*** Opening GIVEN MATERIAL ***

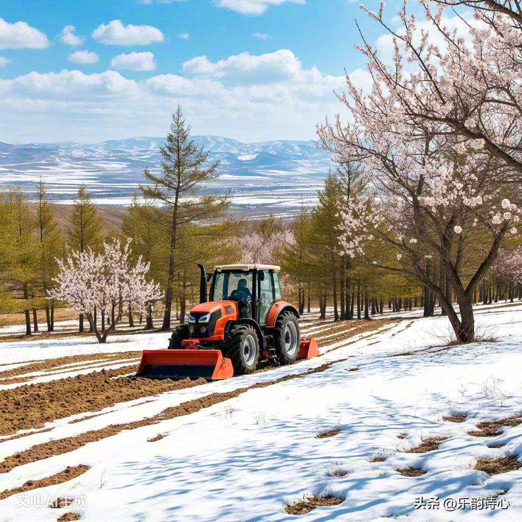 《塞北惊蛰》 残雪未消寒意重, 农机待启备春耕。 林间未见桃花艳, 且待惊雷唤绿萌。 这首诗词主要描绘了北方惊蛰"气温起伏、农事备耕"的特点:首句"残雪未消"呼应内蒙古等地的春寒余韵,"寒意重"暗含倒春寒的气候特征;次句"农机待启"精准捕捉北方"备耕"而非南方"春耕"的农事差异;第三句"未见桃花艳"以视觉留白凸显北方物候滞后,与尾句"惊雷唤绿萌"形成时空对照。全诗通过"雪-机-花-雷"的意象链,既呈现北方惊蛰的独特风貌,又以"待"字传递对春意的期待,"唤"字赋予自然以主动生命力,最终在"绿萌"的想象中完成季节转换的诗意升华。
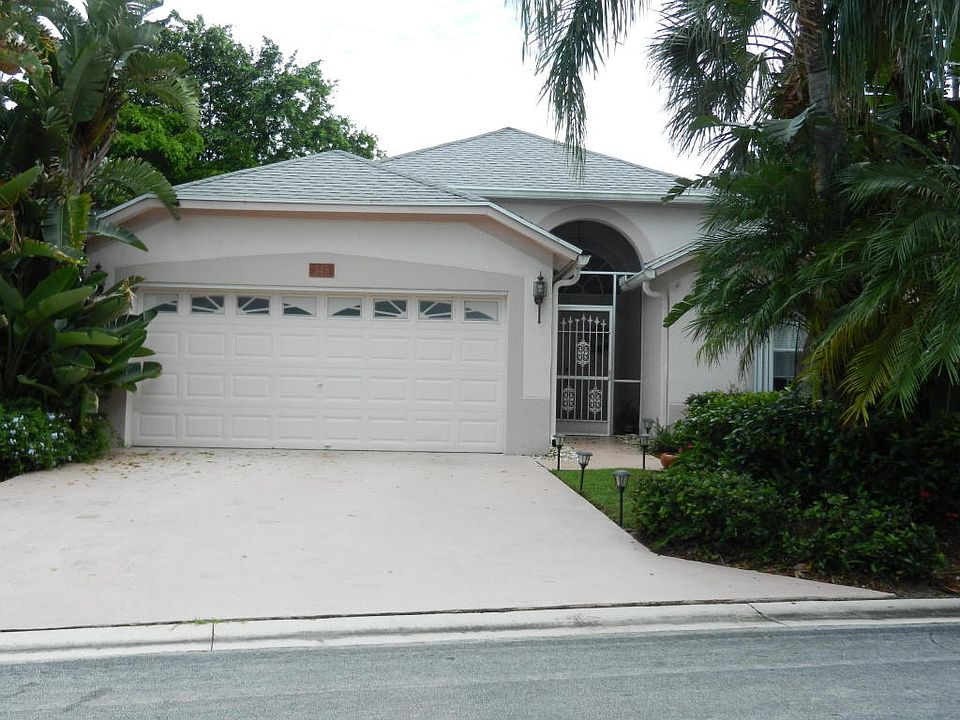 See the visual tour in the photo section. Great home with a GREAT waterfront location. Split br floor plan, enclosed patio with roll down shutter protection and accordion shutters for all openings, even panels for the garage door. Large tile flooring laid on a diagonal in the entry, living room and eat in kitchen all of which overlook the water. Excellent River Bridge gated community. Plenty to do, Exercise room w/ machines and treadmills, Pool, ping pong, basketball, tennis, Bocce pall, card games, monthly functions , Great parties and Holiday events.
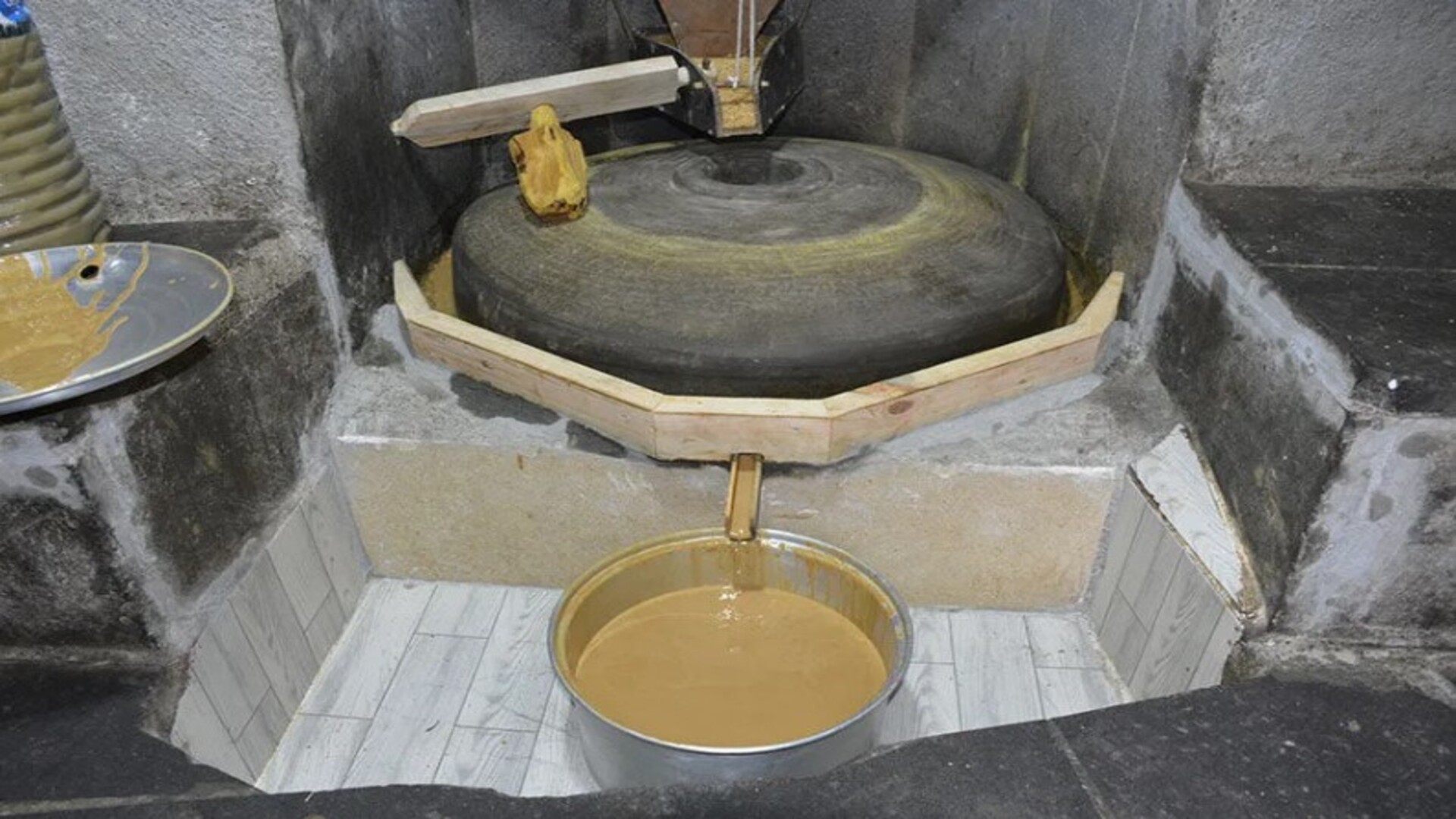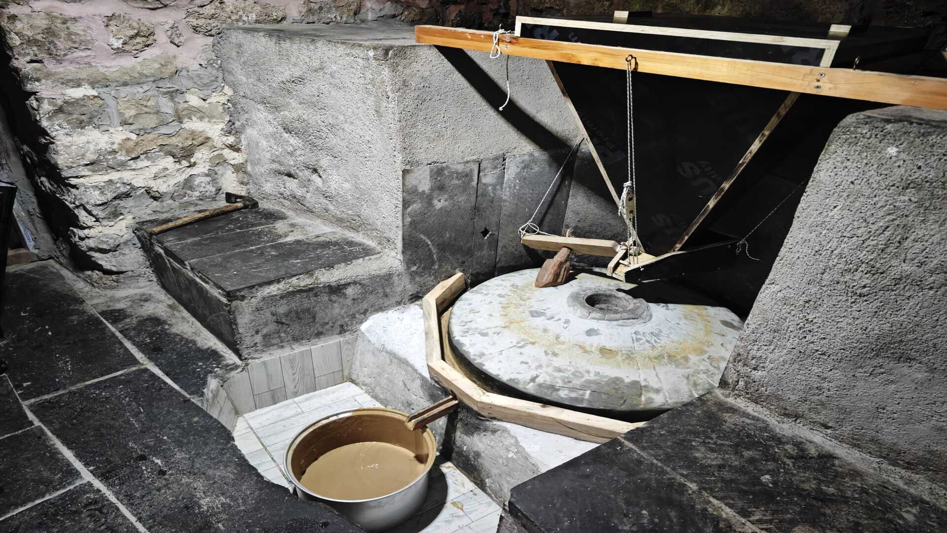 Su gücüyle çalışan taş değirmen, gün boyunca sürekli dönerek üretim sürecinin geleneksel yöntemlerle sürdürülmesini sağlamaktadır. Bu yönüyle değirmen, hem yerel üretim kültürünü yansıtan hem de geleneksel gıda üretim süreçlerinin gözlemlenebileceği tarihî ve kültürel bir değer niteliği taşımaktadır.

*** Closing GIVEN MATERIAL ***

#### WORK TASK
Could the lines above be copied out exactly, with no image carried over?

#### SOLUTION FOR THIS TASK
 《塞北惊蛰》 残雪未消寒意重, 农机待启备春耕。 林间未见桃花艳, 且待惊雷唤绿萌。 这首诗词主要描绘了北方惊蛰"气温起伏、农事备耕"的特点:首句"残雪未消"呼应内蒙古等地的春寒余韵,"寒意重"暗含倒春寒的气候特征;次句"农机待启"精准捕捉北方"备耕"而非南方"春耕"的农事差异;第三句"未见桃花艳"以视觉留白凸显北方物候滞后,与尾句"惊雷唤绿萌"形成时空对照。全诗通过"雪-机-花-雷"的意象链,既呈现北方惊蛰的独特风貌,又以"待"字传递对春意的期待,"唤"字赋予自然以主动生命力,最终在"绿萌"的想象中完成季节转换的诗意升华。
 See the visual tour in the photo section. Great home with a GREAT waterfront location. Split br floor plan, enclosed patio with roll down shutter protection and accordion shutters for all openings, even panels for the garage door. Large tile flooring laid on a diagonal in the entry, living room and eat in kitchen all of which overlook the water. Excellent River Bridge gated community. Plenty to do, Exercise room w/ machines and treadmills, Pool, ping pong, basketball, tennis, Bocce pall, card games, monthly functions , Great parties and Holiday events.
 Su gücüyle çalışan taş değirmen, gün boyunca sürekli dönerek üretim sürecinin geleneksel yöntemlerle sürdürülmesini sağlamaktadır. Bu yönüyle değirmen, hem yerel üretim kültürünü yansıtan hem de geleneksel gıda üretim süreçlerinin gözlemlenebileceği tarihî ve kültürel bir değer niteliği taşımaktadır.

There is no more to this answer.